Three sphingolipid mediators including SA1P differed between patients with and without neuropathy at the end of treatment. These sphingolipids were elevated at the end of treatment in the cohort with neuropathy, relative to those without neuropathy. However, across all samples from pre to post-paclitaxel treatment, there was a significant reduction in SA1P levels. It is unclear from the data presented what the underlying mechanism for this result would be.

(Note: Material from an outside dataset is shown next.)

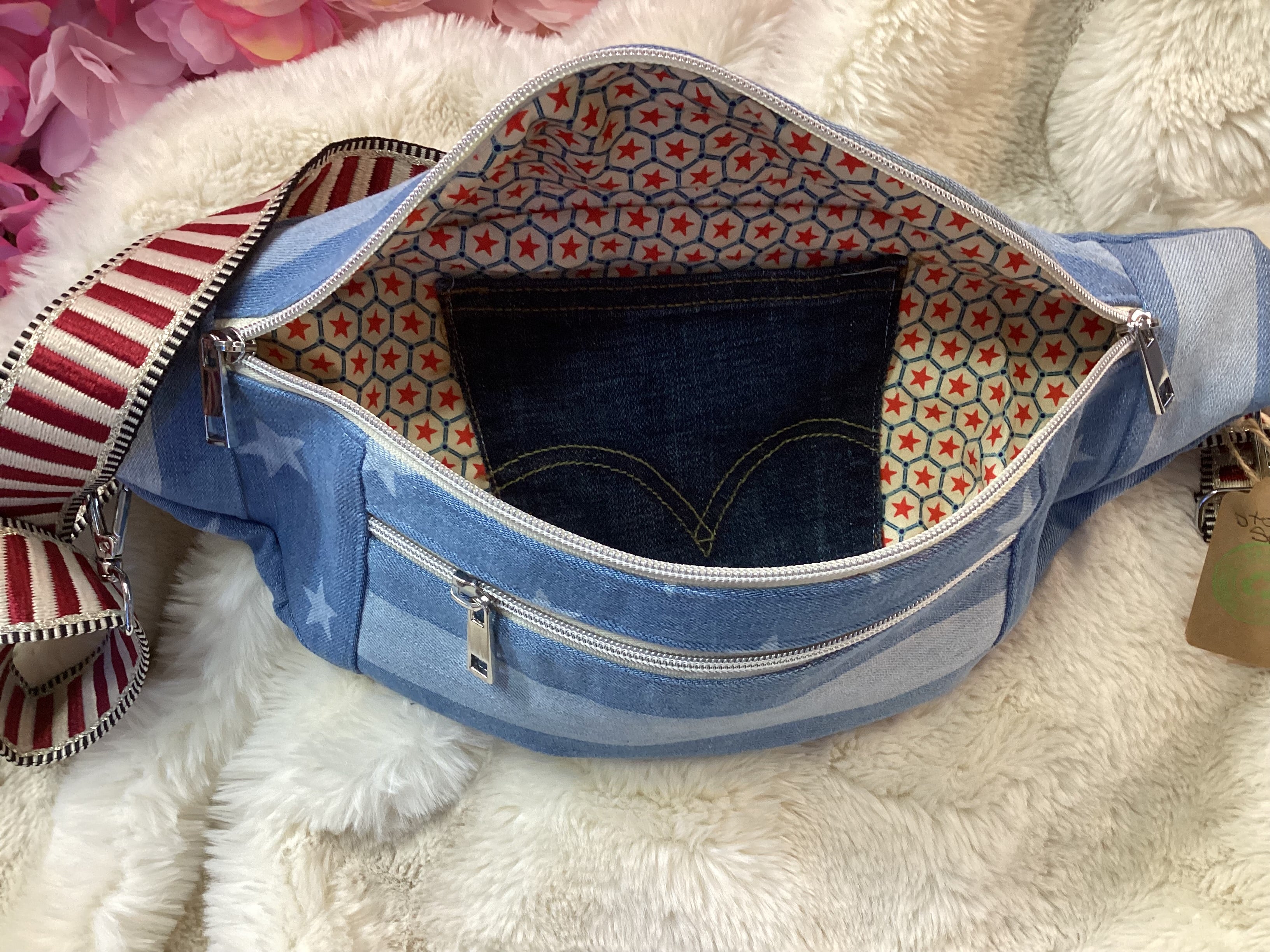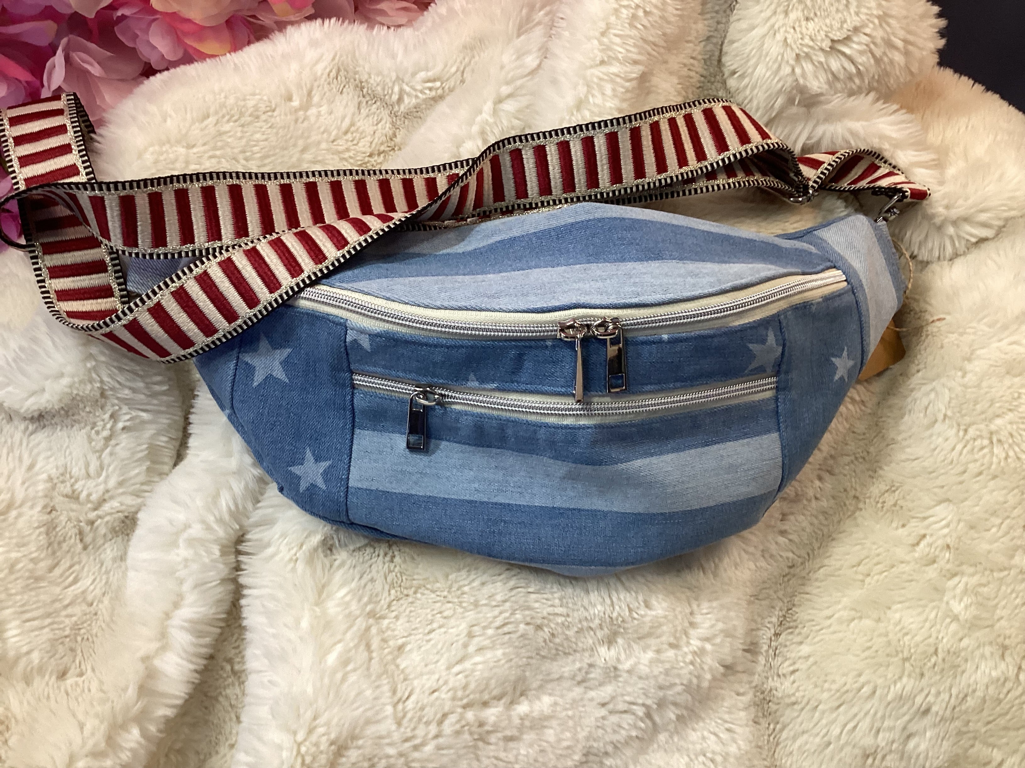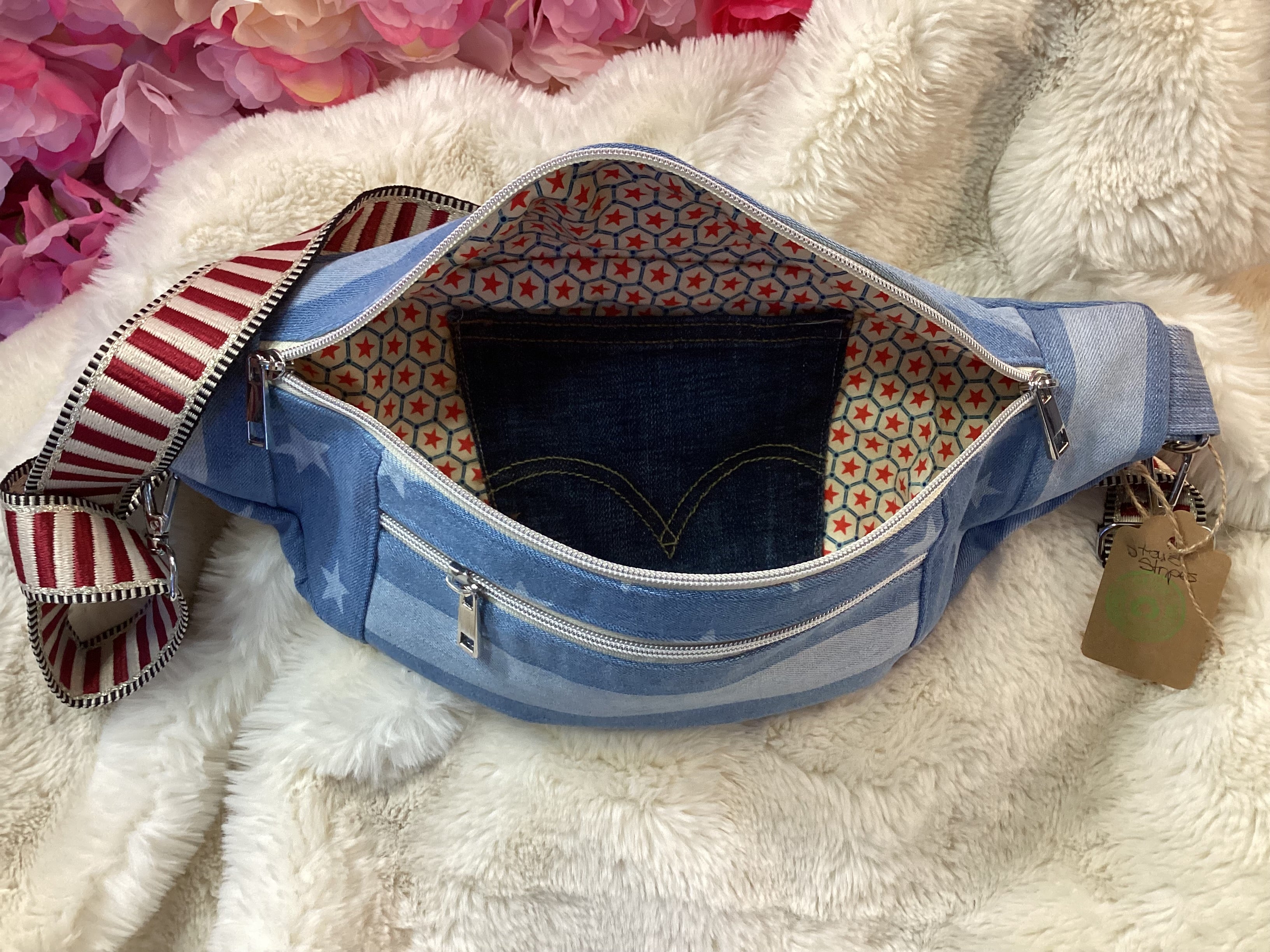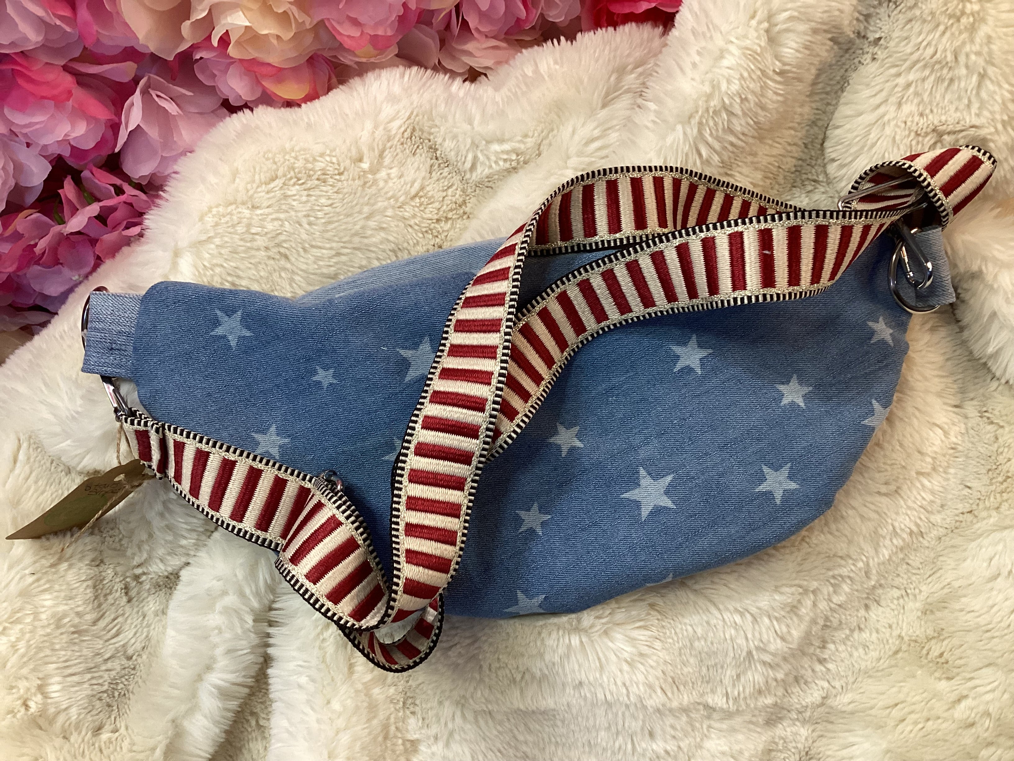 Show off your bold side with the Stars and Stripes Sling Bag—a playful mix of denim patchwork, star-spangled lining, and a standout striped strap. This bag isn’t just an accessory, it’s a vibe—equal parts Americana cool and everyday ease.

We agree with the reviewer that our study does not identify the mechanism by which paclitaxel treatment alters sphingolipid concentrations in the plasma of patients. It has been reported before that paclitaxel may increase expression and activity of serine palmitoyltransferase (SPT) which is the crucial enzyme and rate-limiting step in the denovo synthesis of sphingolipids. This may be associated with a shift towards increased synthesis of 1-deoxysphingolipids and a decrease of “classical” sphingolipids (6) and may explain the general reduction of SA1P and other sphingolipid levels after paclitaxel treatment in our study.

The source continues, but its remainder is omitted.